Canu (thorough), wtdbg2 / Raven (fast), miniasm (layout only)

canu -p asm -d out genomeSize=4.6m -nanopore reads.fq.gz useGrid=false maxThreads=16   # correct->trim->assemble
wtdbg2 -x ont -g 4.6m -t 16 -i reads.fq.gz -fo asm && wtpoa-cns -t 16 -i asm.ctg.lay.gz -fo asm.ctg.fa  # consensus step is MANDATORY
raven -t 16 reads.fq.gz > asm.fasta                                                     # near parameter-free

Canu's master meta-parameter is correctedErrorRate (max expected difference between two corrected reads): defaults ~0.144 (Nanopore) / ~0.045 (PacBio); raise for heterozygosity/divergence, lower for clean high-coverage data. Read-type flags -nanopore / -pacbio / -pacbio-hifi (there is no -nanopore-hifi; high-accuracy ONT still uses -nanopore); useGrid=false forces a single machine. wtdbg2 needs the separate wtpoa-cns consensus call - the -x preset (ont/sq/rs/ccs) is set FIRST, and -L discards short reads (default 5000 for ont/sq). miniasm does no consensus at all - its output carries the full raw read error rate and is unusable until polished, so use it only as a fast layout inside a polished pipeline.

Haplotig False-Duplication and purge_dups

A diploid assembly from noisy reads either collapses heterozygous loci or emits both haplotypes as separate primary contigs (haplotig duplication). The diagnostic trifecta: (1) assembly size 1.5-2x the expected genome size; (2) a bimodal read-depth histogram with a half-coverage peak (haplotigs split reads between two copies); (3) inflated BUSCO-Duplicated.
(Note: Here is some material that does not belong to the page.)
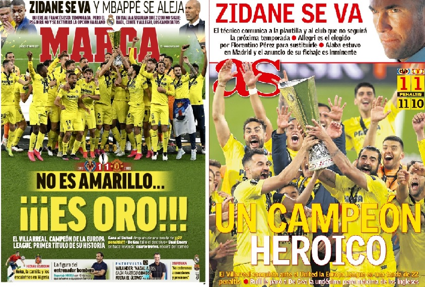 בספרד שיבחו כמובן את הצוללת וחגגו יחד איתה את ההישג. "זה לא צהוב – זה זהב!", הייתה הכותרת בשער "מארקה", שם נכתב על דו קרב פנדלים שייכנס להיסטוריה. "החלום של העם הפך למציאות" ו"אמרי ממשיך את האגדה שלו עם הזכייה הרביעית, זה המפעל שלו" היו כותרות נוספות. "אלופה הירואית", הייתה הכותרת ב"אס". "הם עשו היסטוריה, ויאריאל הפכה לקבוצה השביעית שזוכה בגביע אירופי", נכתב. "זו הגאווה של הכדורגל הספרדי". גם באנגליה אגב פרגנו, שם נכתב על "שיעור ענק" שהעביר אמרי לאולה גונאר סולשיאר.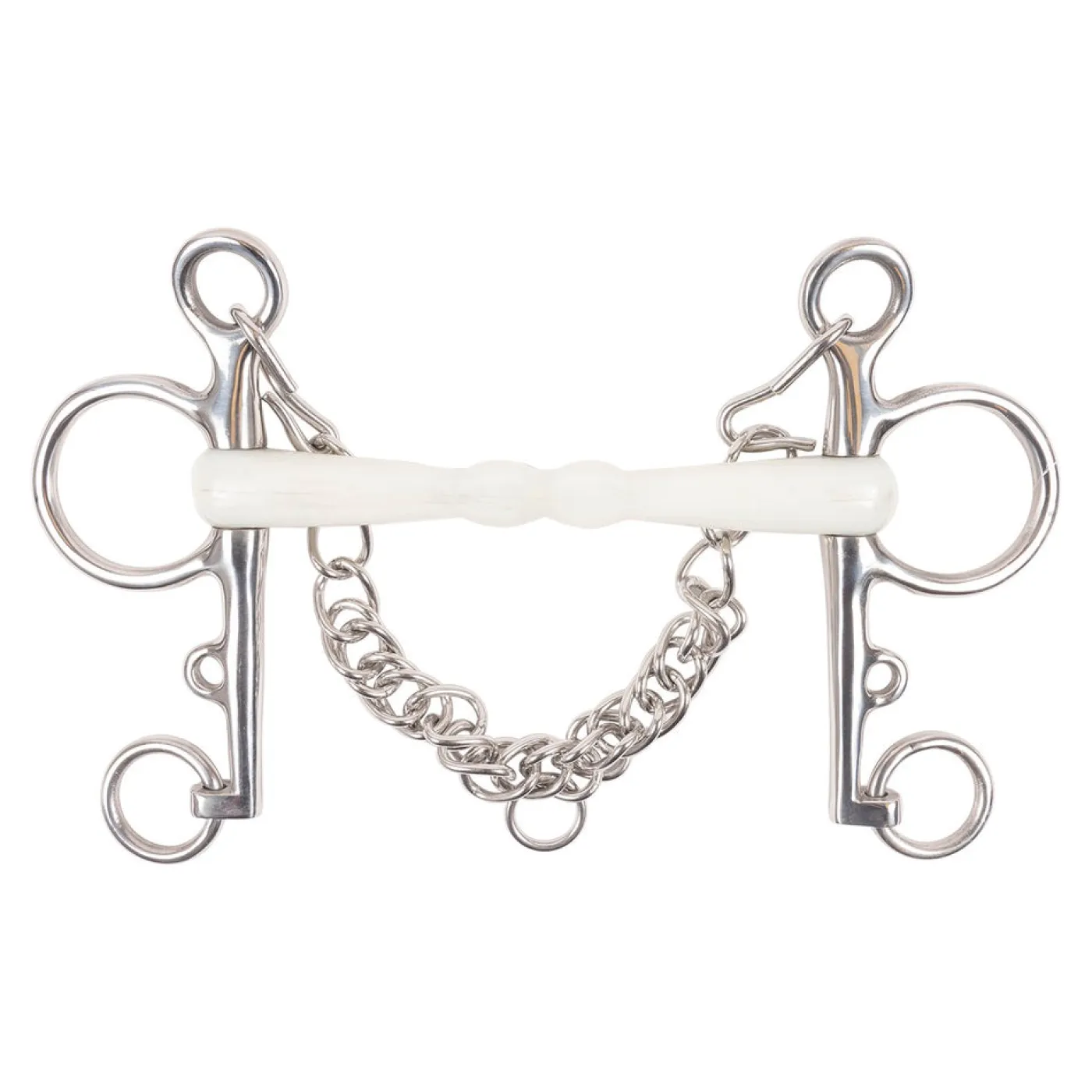 The Metalab Mullen Mouth Flexi Pelham Bit is designed to combine the effects of a snaffle and curb, helping to encourage the horse to bend at the poll through pressure applied by the curb rein. Crafted from a premium quality stainless steel for optimal durability and featuring a softer flexi plastic covering on the mouthpiece for enhanced comfort. Straight mullen mouth and complete with a curb chain.

Fix with purge_dups (read-depth + self-alignment):

minimap2 -xmap-ont asm.fa reads.fq.gz | gzip > aln.paf.gz
pbcstat aln.paf.gz && calcuts PB.stat > cutoffs          # INSPECT the coverage histogram before trusting auto-cuts
split_fa asm.fa > asm.split && minimap2 -xasm5 -DP asm.split asm.split | gzip > self.paf.gz
purge_dups -2 -T cutoffs -c PB.base.cov self.paf.gz > dups.bed
get_seqs -e dups.bed asm.fa                              # -> purged.fa (primary) + hap.fa (haplotigs)

purge_dups cannot tell a haplotig from a real recent segmental duplication/paralog - both look like similar sequence at fractional depth. On a genome with known recent WGD or high SD content (many plants), over-purging deletes real genes; eyeball the histogram and validate against a related assembly. True haplotype-resolved assembly is a HiFi capability - do not promise phasing from noisy reads (-> hifi-assembly).

Pre-Assembly: Mid-Read Adapter De-Chimerization

porechop_abi -abi -i reads.fq.gz -o trimmed.fq.gz -t 16   # ab initio adapter detection; SPLITS internal-adapter chimeras

ONT occasionally sequences two molecules as one read with an internal adapter - an untrimmed chimera becomes a structural mis-join (a layout error polishing cannot fix). Porechop_ABI detects adapters ab initio (no fixed DB, which matters because kit adapter sequences change) and splits chimeric reads. Use it, not the original Porechop (unmaintained since 2018, frozen adapter DB). PacBio CLR handles adapter/scrap removal upstream on the instrument, so this is an ONT-specific concern.

Per-Method Failure Modes

Flag noisier than reads actually are

Trigger: --nano-raw (or low-error-rate omission) on R10/Dorado-SUP data. Mechanism: assembler treats real repeat-copy and allele differences as noise and over-collapses. Symptom: fewer contigs, HIGHER N50, lost repeats/SVs - looks better. Fix: match the flag to the basecaller era (--nano-hq for R10); record pore+kit+model before assembling.

"It assembled, so it's done"

Trigger: shipping the raw assembler FASTA on its high N50. Mechanism: raw consensus is Q20-Q30; indels frameshift genes. Symptom: broken gene models, failed variant calling, BLAST misses present genes. Fix: polish (long-read Medaka/Racon, model-matched), then measure QV with Merqury; an assembly without a stated QV is a draft.

Trusting polishing to fix a structural error

Trigger: expecting polish to repair a mis-resolved repeat, inversion, collapsed tandem array, or dropped plasmid. Mechanism: polishers correct per-base consensus (QV) only; they never change contig layout. Symptom: a Q50 assembly that is still structurally wrong. Fix: catch layout errors with read-back coverage uniformity, multi-assembler consensus (Trycycler/Autocycler), or Hi-C - not QV.

Haplotig duplication read as completeness

Trigger: "my genome is bigger than expected - more complete!" Mechanism: both haplotypes kept as primary contigs. Symptom: size 1.5-2x expected, half-coverage depth peak, inflated BUSCO-Duplicated. Fix: purge_dups (inspect cutoffs); do not over-purge real SDs.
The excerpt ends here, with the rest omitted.